• **Work instruction**
Using the data below, set down every line from the one containing "famous ex-goalkeepr of" through the one containing "Ilyo Voivoda. Photo", inclusive and unchanged. Pictures are to be skipped.

• **Given data**
════

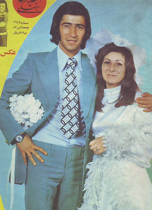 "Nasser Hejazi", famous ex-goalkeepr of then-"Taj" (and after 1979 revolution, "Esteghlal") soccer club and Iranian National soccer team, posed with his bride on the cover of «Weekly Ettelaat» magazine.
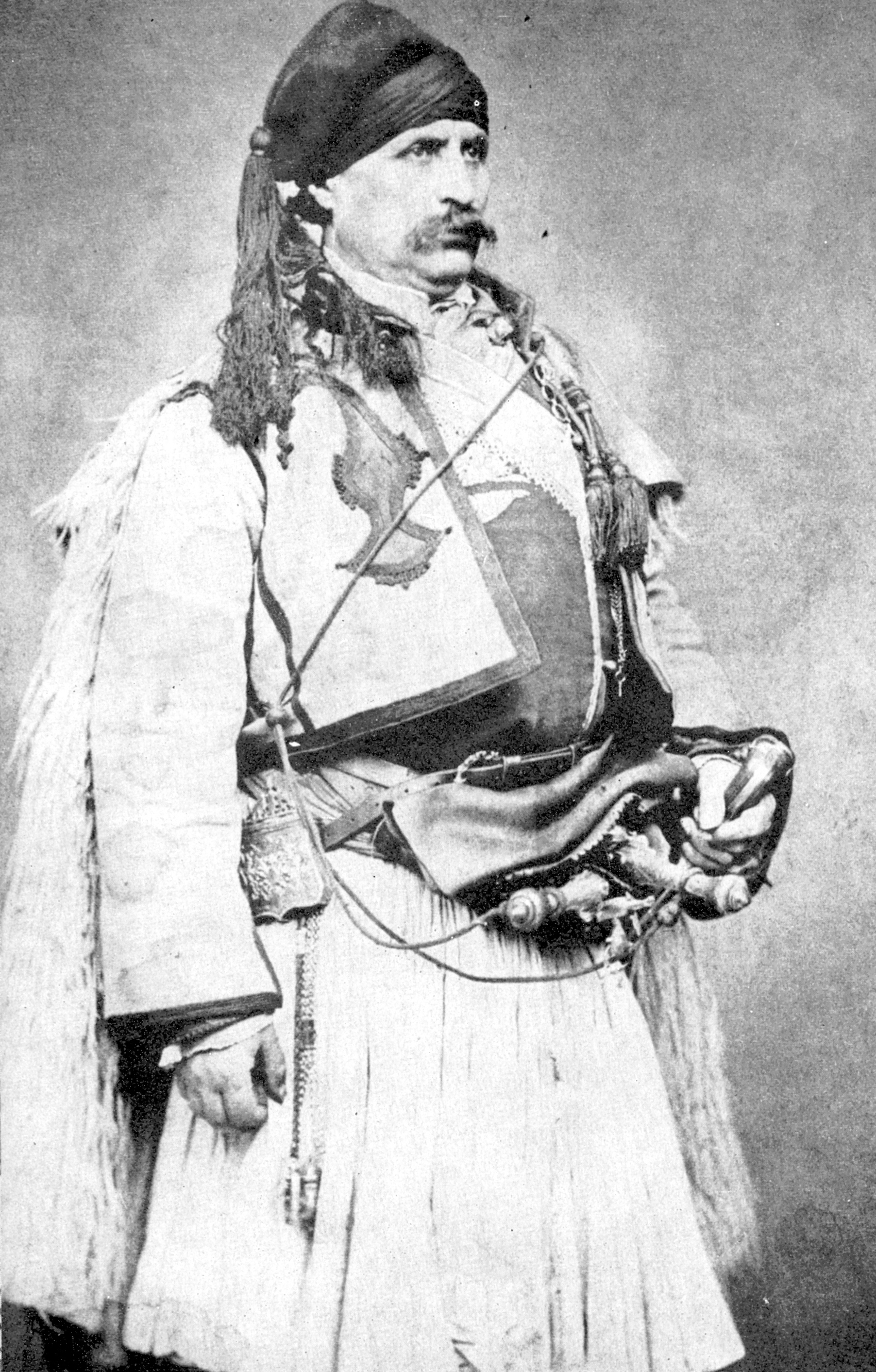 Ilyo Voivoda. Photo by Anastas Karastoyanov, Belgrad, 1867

════

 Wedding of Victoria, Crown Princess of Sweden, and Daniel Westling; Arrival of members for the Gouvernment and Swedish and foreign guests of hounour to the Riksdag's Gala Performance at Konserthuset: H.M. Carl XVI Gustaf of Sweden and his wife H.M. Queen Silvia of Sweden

════

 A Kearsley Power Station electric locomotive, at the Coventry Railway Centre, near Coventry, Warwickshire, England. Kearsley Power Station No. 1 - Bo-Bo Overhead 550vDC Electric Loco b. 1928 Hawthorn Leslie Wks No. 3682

════

• **Exercise output**
 "Nasser Hejazi", famous ex-goalkeepr of then-"Taj" (and after 1979 revolution, "Esteghlal") soccer club and Iranian National soccer team, posed with his bride on the cover of «Weekly Ettelaat» magazine.
 Ilyo Voivoda. Photo by Anastas Karastoyanov, Belgrad, 1867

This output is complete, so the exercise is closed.